Which means that we can write everything once, and link it together. All the formats are the same, hence trivially compatible.

Procedure

The cookiecutter already contains the mkdocs.yml file, which is -unsurprisingly- the configuration file for your mkdocs project. Using this cookiecutter, you can focus on content. Alongside this configuration file, we also included a demo page; index.md, which is the home page of the documentation website.

For a test drive, you need to know some commands. To build your website (i.e., generate html starting from your markdown sources), you do

mkdocs build

To preview your website locally, you do

mkdocs serve

and surf to localhost:8000. Also note that this server will refresh whenever you alter something on disk (which is nice!), and hence does the build command automatically.

Hosting on Github

Now, the last challenge is to make this website available over the internet. Luckily, mkdocs makes this extremely easy when you want to host on github pages

mkdocs gh-deploy

and your site should be online at; https://eliavw.github.io/also_anomaly_detector/.

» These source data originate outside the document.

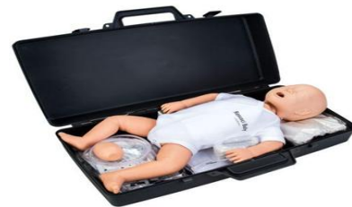
Fig. 4. Laerdal Resusci Baby Q CPR Manikin

본 실험의 1인 구조자 영아 심폐소생술의 질을 평가하기 위해 Laerdal Resusci Baby Q CPR Manikin(Laerdal Medical, Stavanger, Norway)로 실험 하였으며, 가슴압박의 깊이, 속도를 측정하였으며, 인공호흡의 성공여부의 데이터를 이용하였다[Fig. 4].
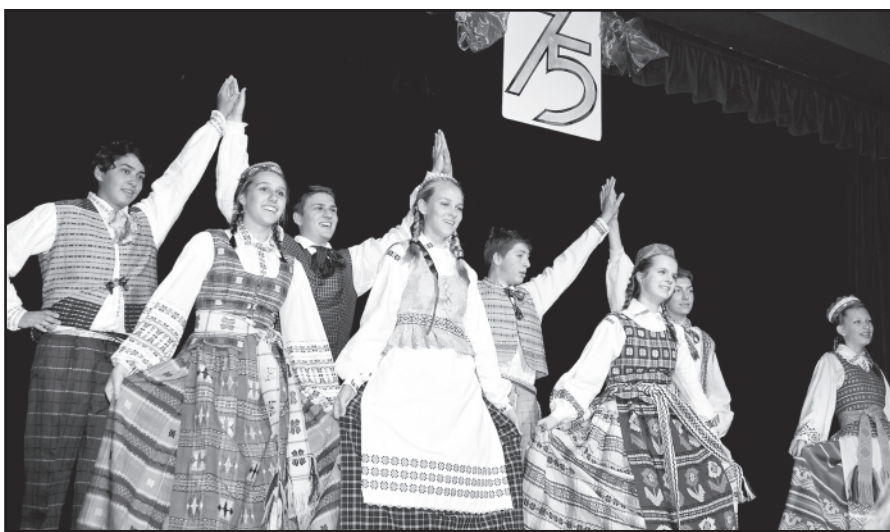
Nuotaikingas šokių ansamblio „Spindulys“ pasirodymas.
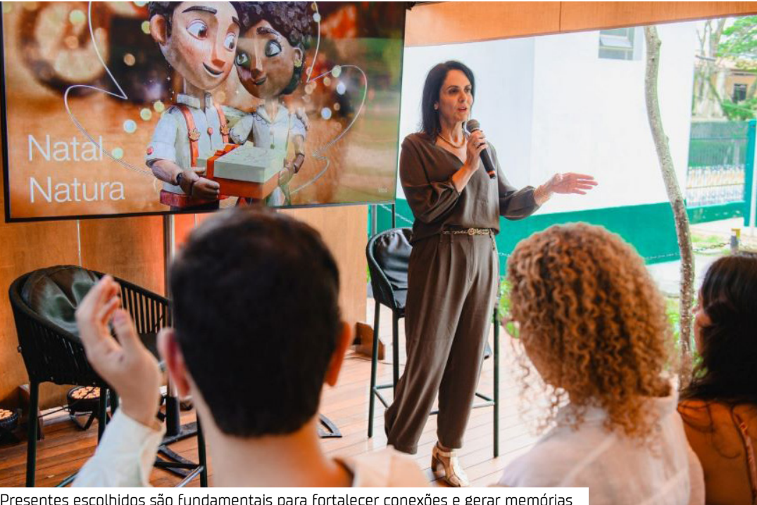
Presentes escolhidos são fundamentais para fortalecer conexões e gerar memórias
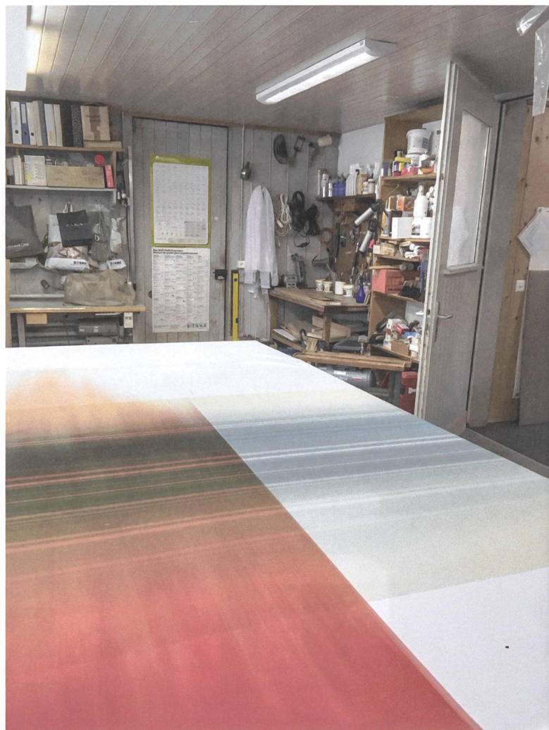
Aus dem Rapport von zwei mal vier Metern entstehen je sechs Panels.
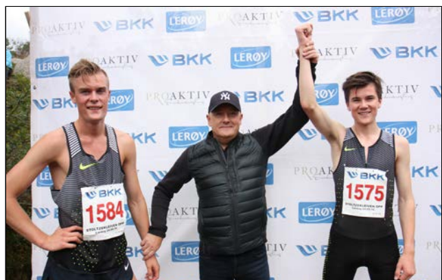
Team Ingebrigtsen var meget populære
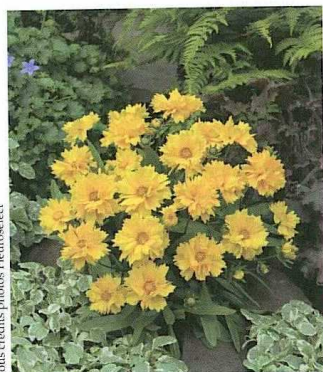
Le coreopsis Presto, de Clause-Tézier (FR).
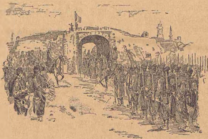
Intrarea Românilor în Vidin.

What happens under the hood is that a mkdocs build is executed, and then the resulting site directory is pushed to the gh pages branch in your repository. From that point on, github takes care of the rest.

Repository Description

Often overlooked, but this is right on top of your repository and hence the absolute perfect place to link to your project website. Hence, a cookiecutter-generated sentence to put there would be;

Anomaly Detection according to ALSO, cf. https://eliavw.github.io/also_anomaly_detector

2.3 Docker

Reproducible containers in their most popular form.

2.4 Singularity

Reproducible containers which can be run on HPC infrastructures.